**Aim of the task**
All that is wanted is the exact text of the lines below from the one with "In the realm" through the one with "Spülen geeignet. Erweiterter", inclusive, minus any pictures.

**Data**
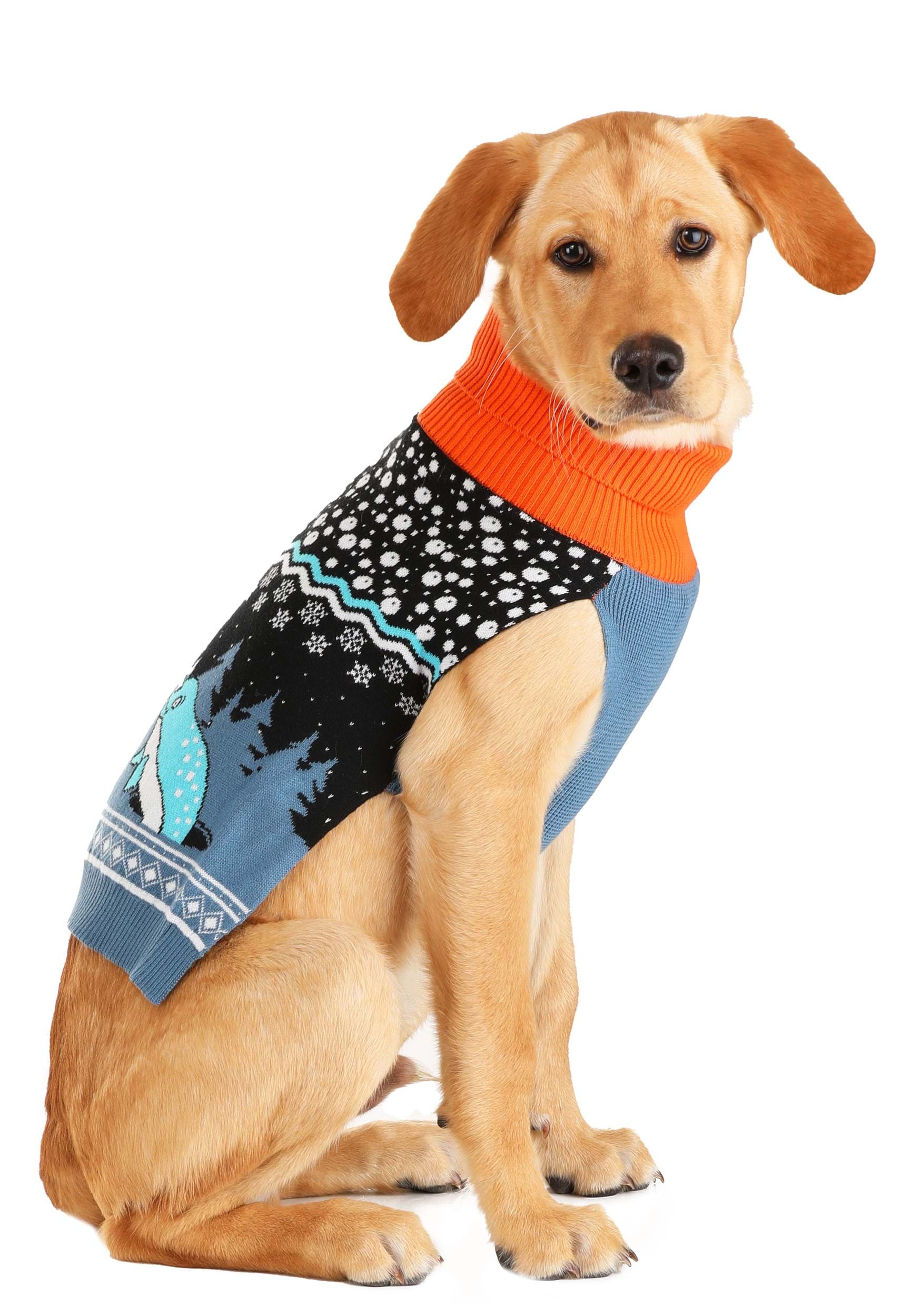 The pet-friendly knit sweater has a simple design that slips over the head and front legs for a secure fit. A rib-knit turtleneck collar offers additional warmth. The length of the sweater features a full-coverage illustration of two narwhals roasting marshmallows in a snowy setting. And while that trip to the arctic to visit narwhals may still be out of the question, a small opening at the back provides an easy way to connect leash and collar for a casual winter walk.
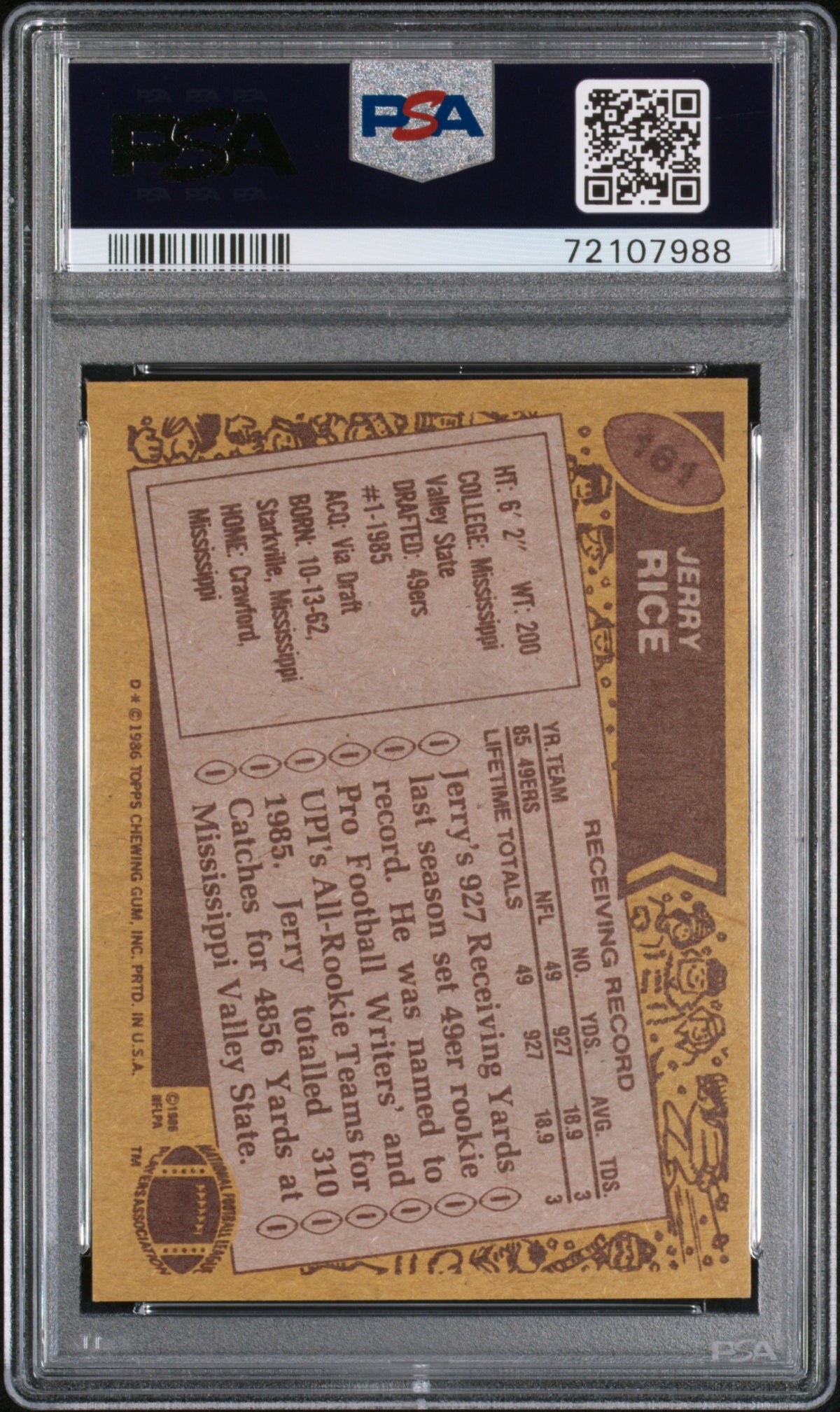 In the realm of sports cards, the 1986 Topps #161 Jerry Rice card is a true gem. It encapsulates the beginning of an illustrious career, making it a unique and valuable addition to any collection. Whether you're a seasoned collector or new to the hobby, this card is a fantastic piece to own, appreciate, and pass down through generations.
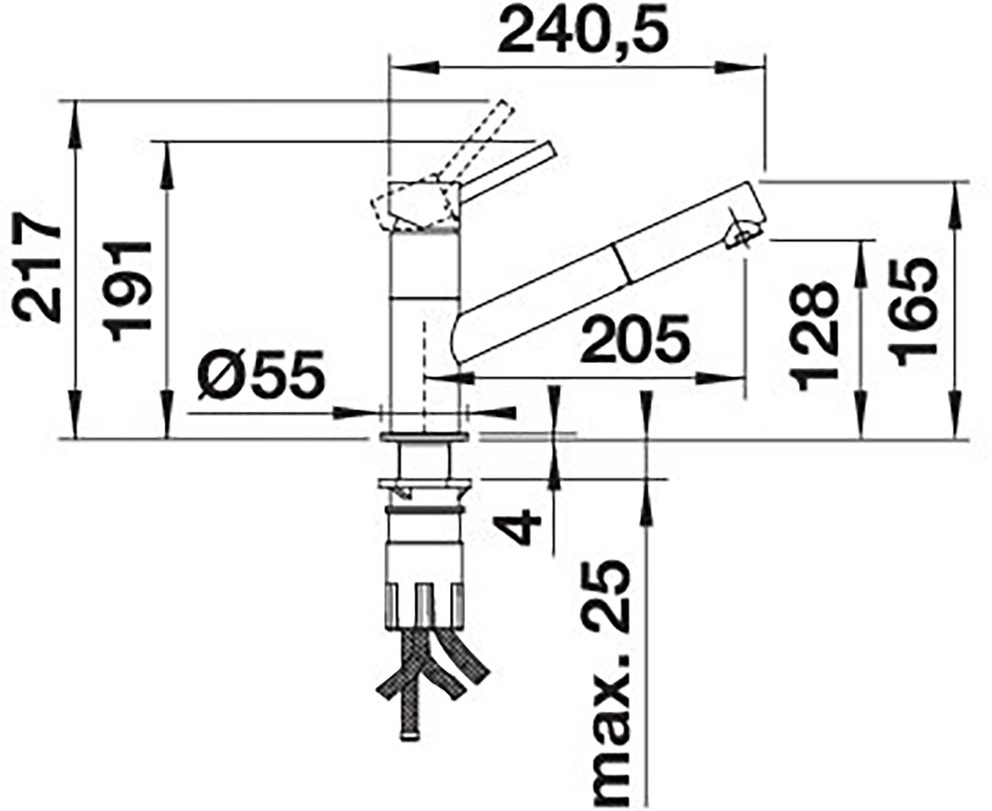 Spülen geeignet. Erweiterter Aktionsradius durch 120° schwenkbaren Auslauf.
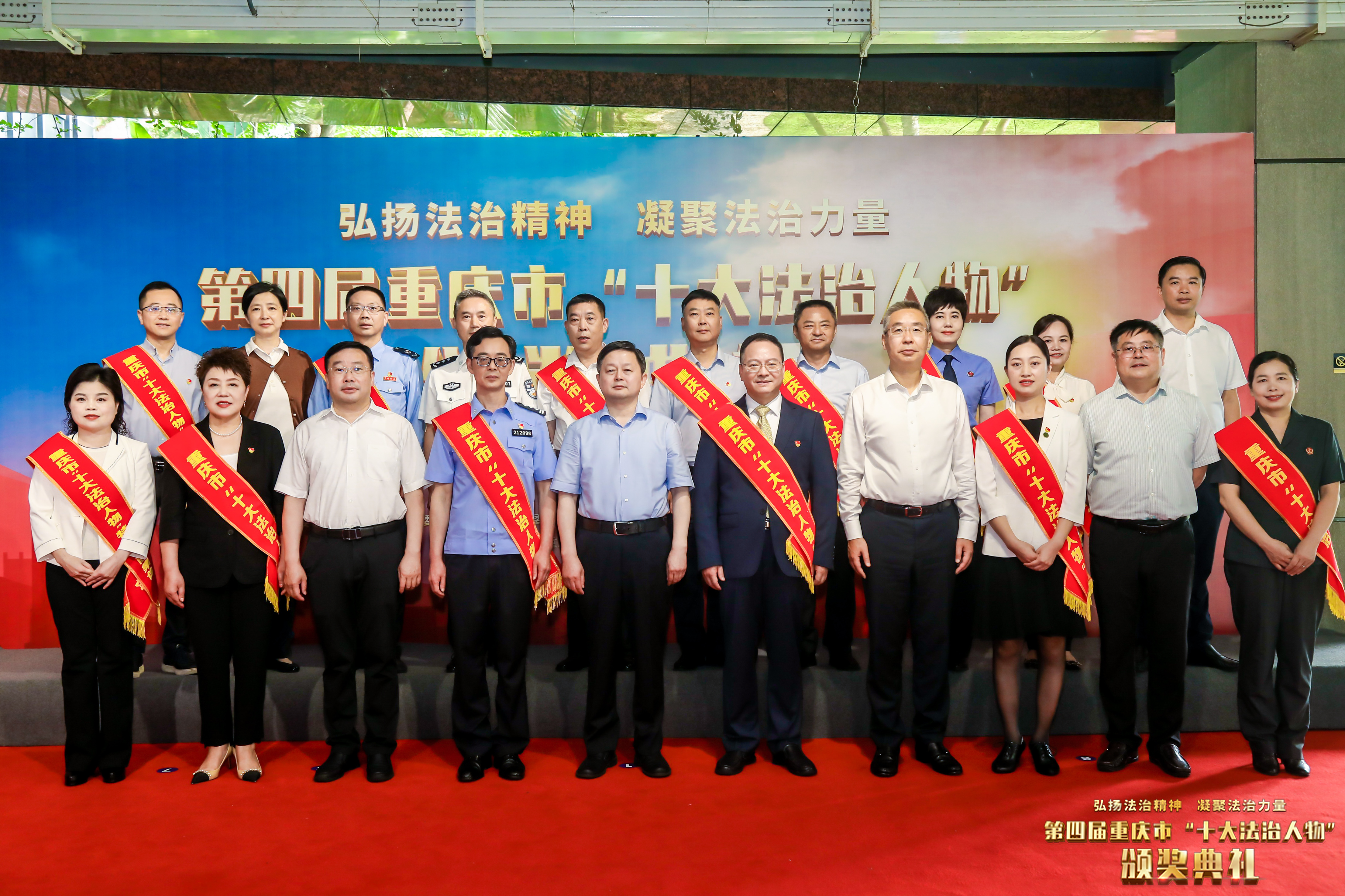 本网讯(记者 唐孝忠)今(30)日上午,中共重庆市委宣传部、中共重庆市委网络安全和信息化委员会办公室、中共重庆市委全面依法治市委员会办公室、重庆市司法局、重庆市普法工作办公室在重庆重视传媒总部基地联合举办“弘扬宪法精神、凝聚法治力量”——第四届重庆市“十大法治人物”颁奖典礼。市人大常委会、市委依法治市办、市委全面依法治市委员会守法普法协调小组成员单位相关负责人及联络员,重庆法院、检察院、公安、司法行政系统代表,部分市级单位、企业、青少年学生、基层群众代表等共150余人参加颁奖典礼。

**Result of the task**
 In the realm of sports cards, the 1986 Topps #161 Jerry Rice card is a true gem. It encapsulates the beginning of an illustrious career, making it a unique and valuable addition to any collection. Whether you're a seasoned collector or new to the hobby, this card is a fantastic piece to own, appreciate, and pass down through generations.
 Spülen geeignet. Erweiterter Aktionsradius durch 120° schwenkbaren Auslauf.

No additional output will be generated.